#### [Work required]
Please write out only the lines from the line with "Stylish brown snakeskin" to the line with "继而,北京市开心果老龄产业促", inclusive, exactly as they stand below, without the pictures.

#### [Data listing]
——

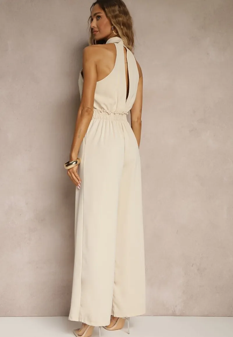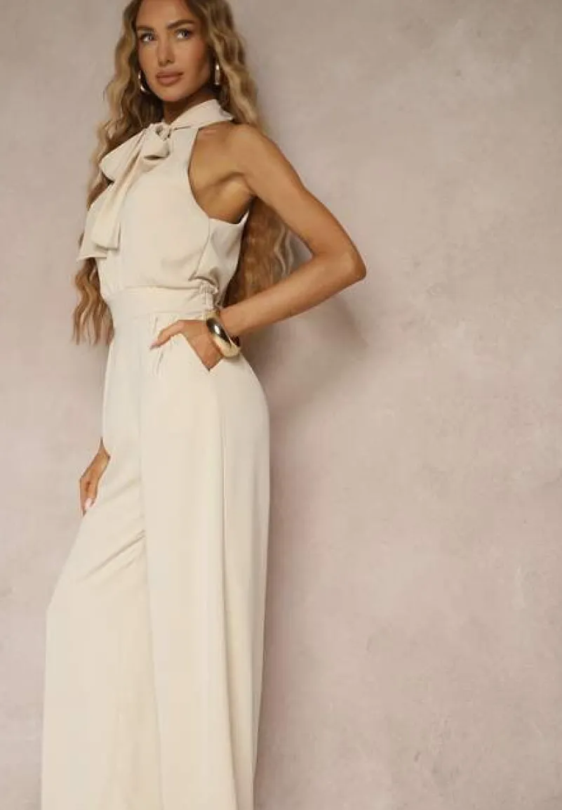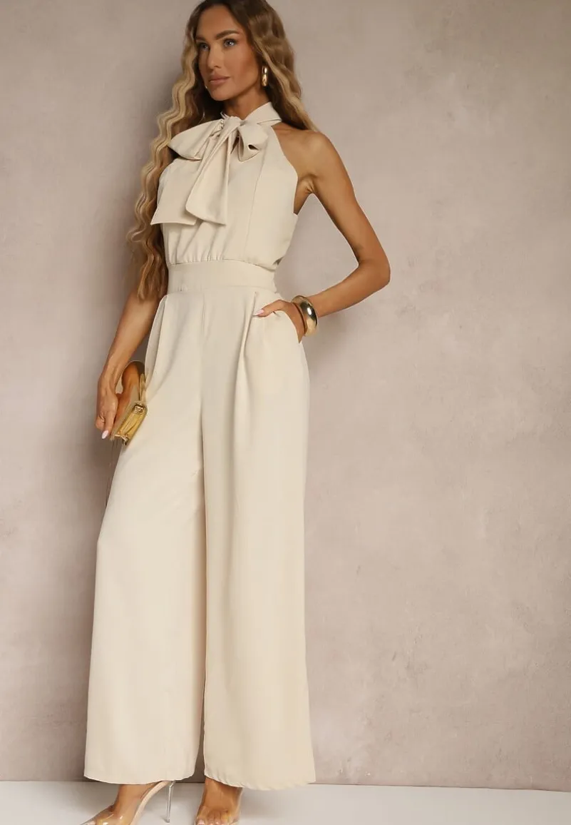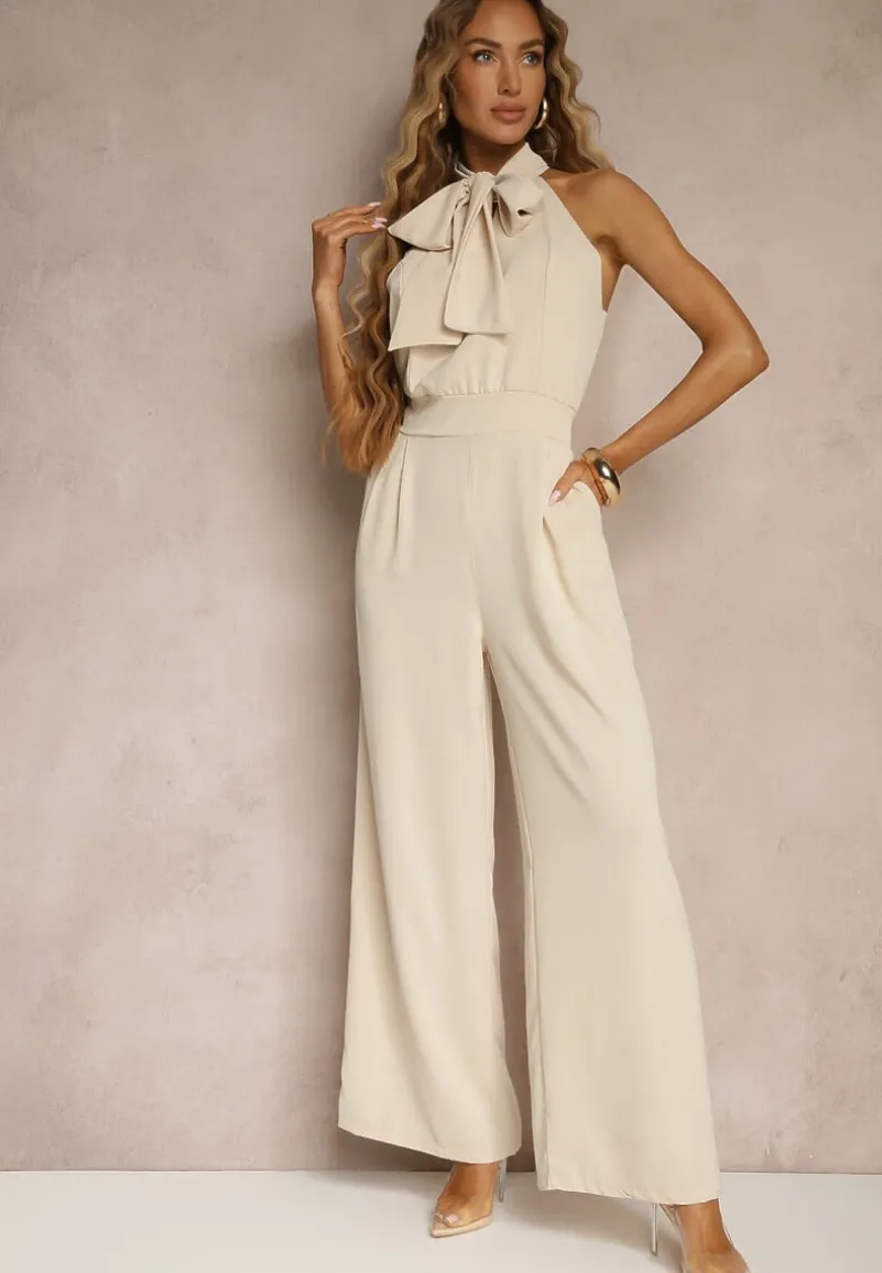 Beżowy Kombinezon Ozdobiony Kokardą Milireia
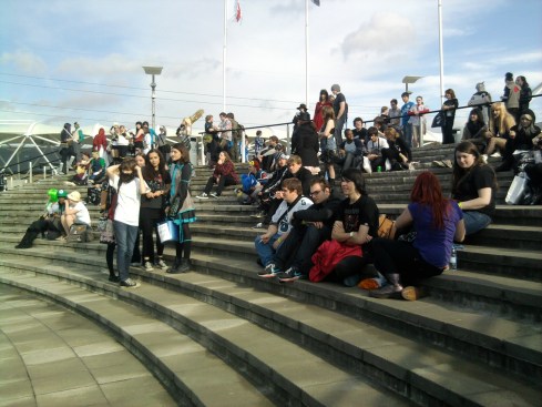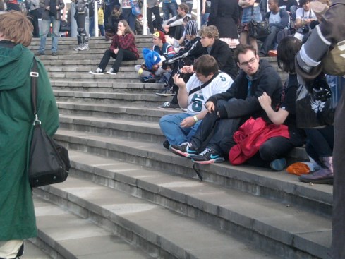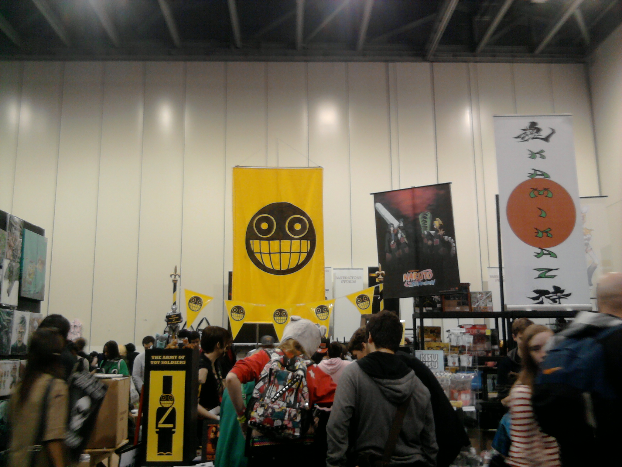 We saw at least one Fun Ghoul, about thirty Matt Smith Doctors, maybe ten David Tennant Doctors and a whatshisface-with-a-scarf Doctor. At one point two Matt Smiths and a David Tennant chased each other round the grass, attacking other Doctors as they went. I don’t read manga, but I learnt to recognise various wigged-and-robed characters as we went around various money-swindling stools. A hint to members of the public, however: wearing hotpants, bras and short skirts when they don’t fit or aren’t made for your sex is really scary. Please carry around signs to warn us.
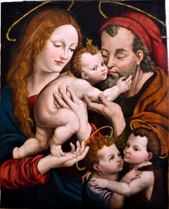 Esta obra representa a la Sagrada Familia con los dos Santos Juanes niños. Es una composición que repite otro esquema idéntico que el mismo Joan de Joanes hizo de dicha Sagrada Familia y que tanta fortuna tuvo, pues hubo muchas más obras con algunas variantes, como es este caso. Esta es una pieza idéntica salvo por la inclusión de los dos santos Juanes niños. Probablemente sea una realización de un pintor del mismo taller de Joan de Joanes. La obra pertenece a una colección privada valenciana. Esta restauración fue realizada en 2020.
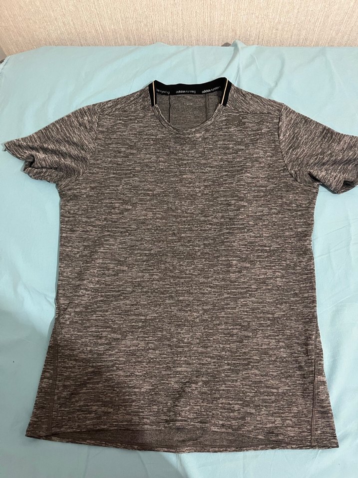 Adidas marka spor tişörtü. Gri renklidir. Bedeninin yazdığı bir yer bulamadım, ölçülerini koydum. Tahminen M beden. Herhangi bir deformesi yoktur. İhtiyaç fazlasıdır. #adidas #tişört
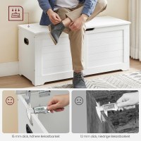 To robuste sikkerhedshængsler holder låget stabilt åbent ved 60° eller mindre og lukker blidt, når der kun er 5 cm tilbage – ingen klemte fingre. Sideskårne håndtag gør kisten let at flytte rundt, når du vil ommøblere eller gøre rent.
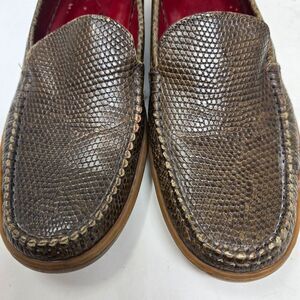 Stylish brown snakeskin leather loafers perfect for any occasion. Comfortable and versatile, these shoes are a must-have for your wardrobe. Size 8B. Please see all photos as this is the exact pair you will receive. Thank you so much for looking. I am always open to reasonable offers. Have a beautiful day!
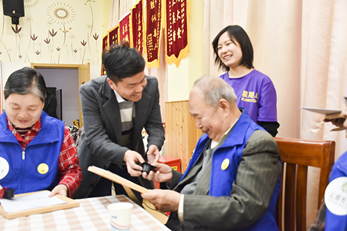 继而,北京市开心果老龄产业促进中心将新研发的游戏《念念不忘》和《开心娃娃》赠与bat365正版唯一官网北京东城区老年公寓。游戏体验环节以暖场活动——长者们最喜欢的“石头、剪刀、布”游戏开场,大家的反应都很快,现场游戏《念念不忘》和《开心娃娃》更是嗨翻全场。
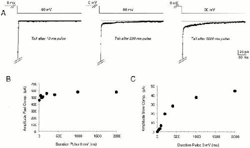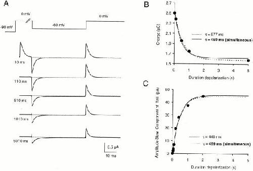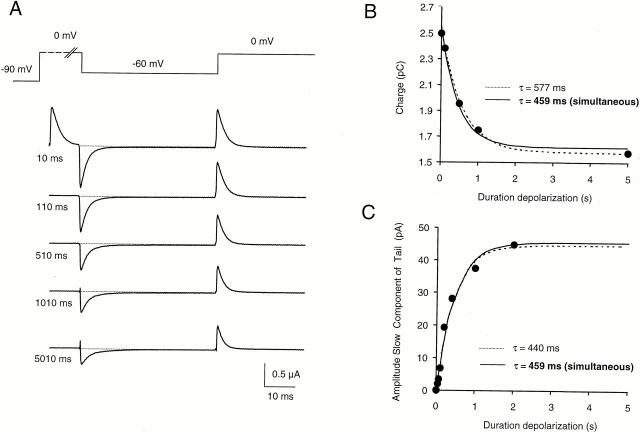 Figure 7. Two components in the tail current of Sh-IR-T449V-I470C. After conditioning depolarization to 0 mV for 0.01, 0.04, 0.07, 0.1, 0.2, 0.4, 1.0, and 2.0 s, the decaying phase of the tail currents at −90 mV were simultaneously fit to the sum of two exponential functions with the constraint that the two time constants were maintained in all traces. (A) Shows tail currents recorded after 10-, 200-, and 2,000-ms pulses to 0 mV with the respective fit superimposed. The fast and slow time constants common to all tail currents were 1.1 and 141.4 ms, respectively. The plot in B shows that the amplitude of the fast component (τ = 1.1 ms) remained practically unchanged with the different pulse duration. On the other hand, the amplitude of the slow component (τ = 141.4 ms; C) increased with the duration of the depolarization, whereas it was practically undetectable for the shortest depolarization (10 ms). |

——

#### [Answer space]
 Stylish brown snakeskin leather loafers perfect for any occasion. Comfortable and versatile, these shoes are a must-have for your wardrobe. Size 8B. Please see all photos as this is the exact pair you will receive. Thank you so much for looking. I am always open to reasonable offers. Have a beautiful day!
 继而,北京市开心果老龄产业促进中心将新研发的游戏《念念不忘》和《开心娃娃》赠与bat365正版唯一官网北京东城区老年公寓。游戏体验环节以暖场活动——长者们最喜欢的“石头、剪刀、布”游戏开场,大家的反应都很快,现场游戏《念念不忘》和《开心娃娃》更是嗨翻全场。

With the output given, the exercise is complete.